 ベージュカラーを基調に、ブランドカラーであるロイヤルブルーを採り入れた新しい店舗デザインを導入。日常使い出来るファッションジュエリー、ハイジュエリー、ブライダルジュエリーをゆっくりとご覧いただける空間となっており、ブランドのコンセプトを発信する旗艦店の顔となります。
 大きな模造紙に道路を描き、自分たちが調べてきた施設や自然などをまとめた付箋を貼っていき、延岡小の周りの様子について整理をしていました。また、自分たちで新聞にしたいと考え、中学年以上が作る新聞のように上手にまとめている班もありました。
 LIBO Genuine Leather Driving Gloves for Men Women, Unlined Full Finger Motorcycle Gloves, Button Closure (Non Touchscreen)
* * *
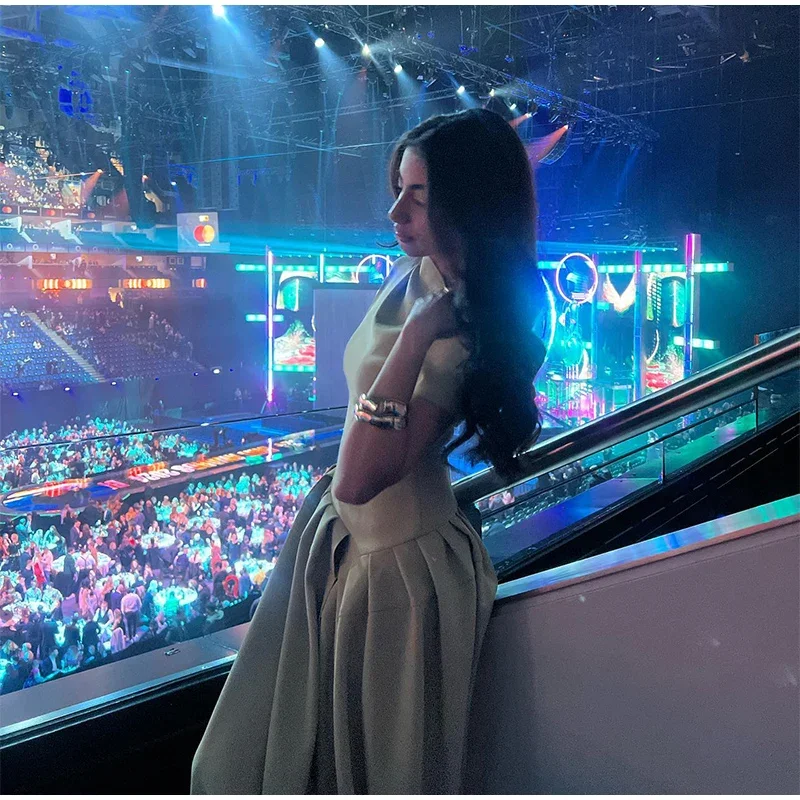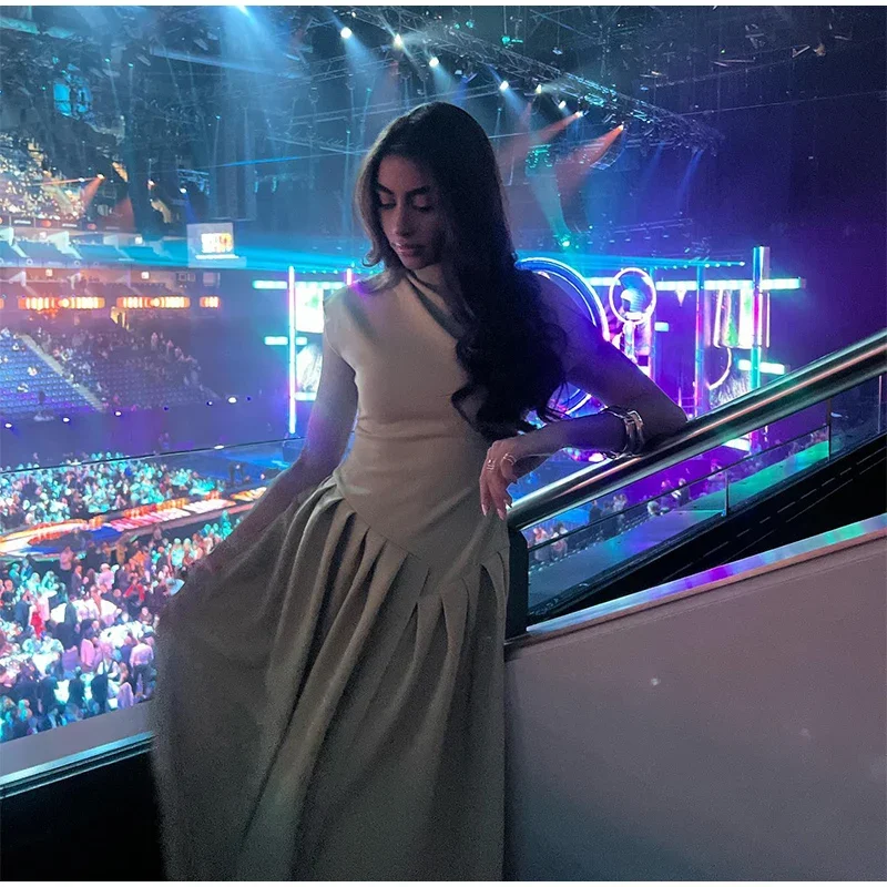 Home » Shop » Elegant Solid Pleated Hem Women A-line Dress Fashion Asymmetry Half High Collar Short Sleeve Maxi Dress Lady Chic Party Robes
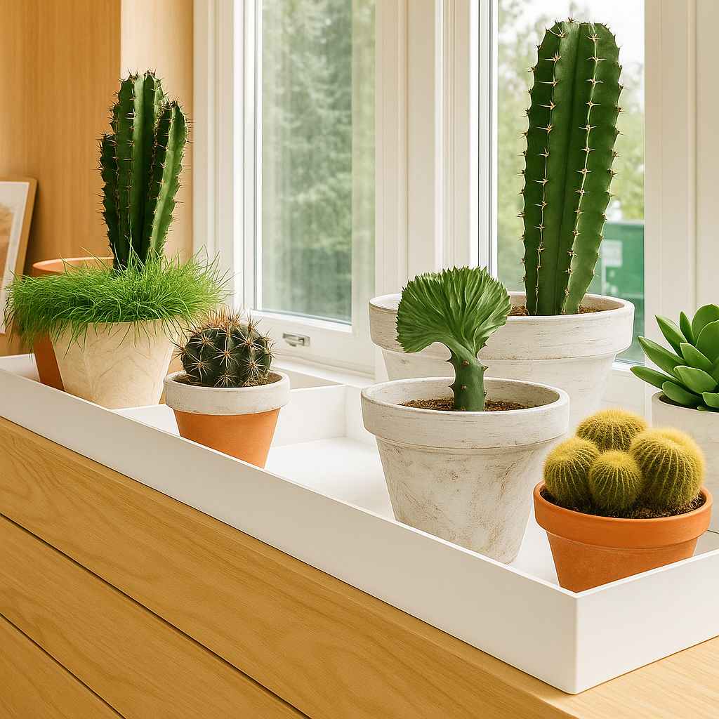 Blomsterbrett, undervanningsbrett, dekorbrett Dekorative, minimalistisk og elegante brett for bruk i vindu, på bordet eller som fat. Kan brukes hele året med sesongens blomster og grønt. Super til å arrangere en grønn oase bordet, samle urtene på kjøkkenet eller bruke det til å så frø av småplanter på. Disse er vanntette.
---
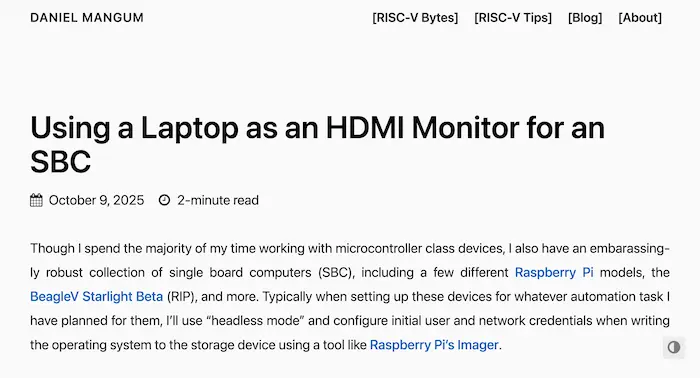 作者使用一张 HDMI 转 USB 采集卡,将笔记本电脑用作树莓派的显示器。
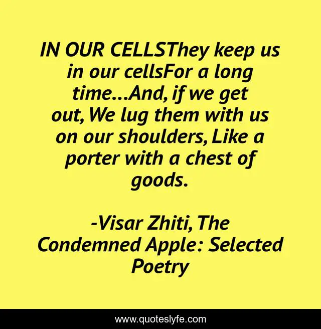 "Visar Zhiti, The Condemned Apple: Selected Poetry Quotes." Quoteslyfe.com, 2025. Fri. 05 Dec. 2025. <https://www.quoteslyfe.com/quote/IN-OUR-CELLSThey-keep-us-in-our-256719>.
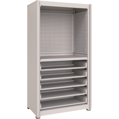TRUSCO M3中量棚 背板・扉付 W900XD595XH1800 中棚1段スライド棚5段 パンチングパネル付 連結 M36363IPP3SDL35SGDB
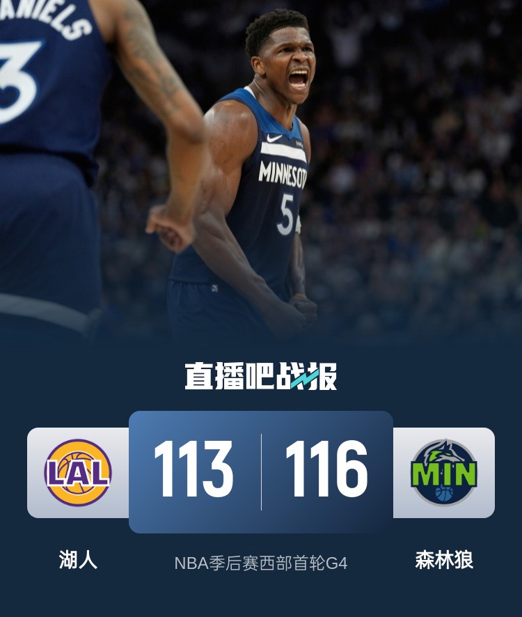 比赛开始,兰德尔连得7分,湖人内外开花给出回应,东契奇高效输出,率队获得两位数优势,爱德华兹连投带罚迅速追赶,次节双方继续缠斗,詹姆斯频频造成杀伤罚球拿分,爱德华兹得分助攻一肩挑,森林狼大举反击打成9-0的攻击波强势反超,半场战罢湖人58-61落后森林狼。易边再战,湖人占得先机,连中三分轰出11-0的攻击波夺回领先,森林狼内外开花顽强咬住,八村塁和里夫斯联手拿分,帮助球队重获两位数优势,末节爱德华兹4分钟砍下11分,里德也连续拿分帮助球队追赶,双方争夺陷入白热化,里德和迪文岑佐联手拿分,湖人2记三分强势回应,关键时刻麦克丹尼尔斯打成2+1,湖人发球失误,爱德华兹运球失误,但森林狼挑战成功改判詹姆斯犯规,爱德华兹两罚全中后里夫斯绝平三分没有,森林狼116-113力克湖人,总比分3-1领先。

Problem statement:
Please return the material above only from the line that holds "作者使用一张 HDMI 转 USB 采集卡,将笔记本电脑用作树莓派的显示器。" through the line that holds "TRUSCO M3中量棚 背板・扉付", exactly as it stands, ends included and pictures omitted.

Response to the task:
 作者使用一张 HDMI 转 USB 采集卡,将笔记本电脑用作树莓派的显示器。
 "Visar Zhiti, The Condemned Apple: Selected Poetry Quotes." Quoteslyfe.com, 2025. Fri. 05 Dec. 2025. <https://www.quoteslyfe.com/quote/IN-OUR-CELLSThey-keep-us-in-our-256719>.
TRUSCO M3中量棚 背板・扉付 W900XD595XH1800 中棚1段スライド棚5段 パンチングパネル付 連結 M36363IPP3SDL35SGDB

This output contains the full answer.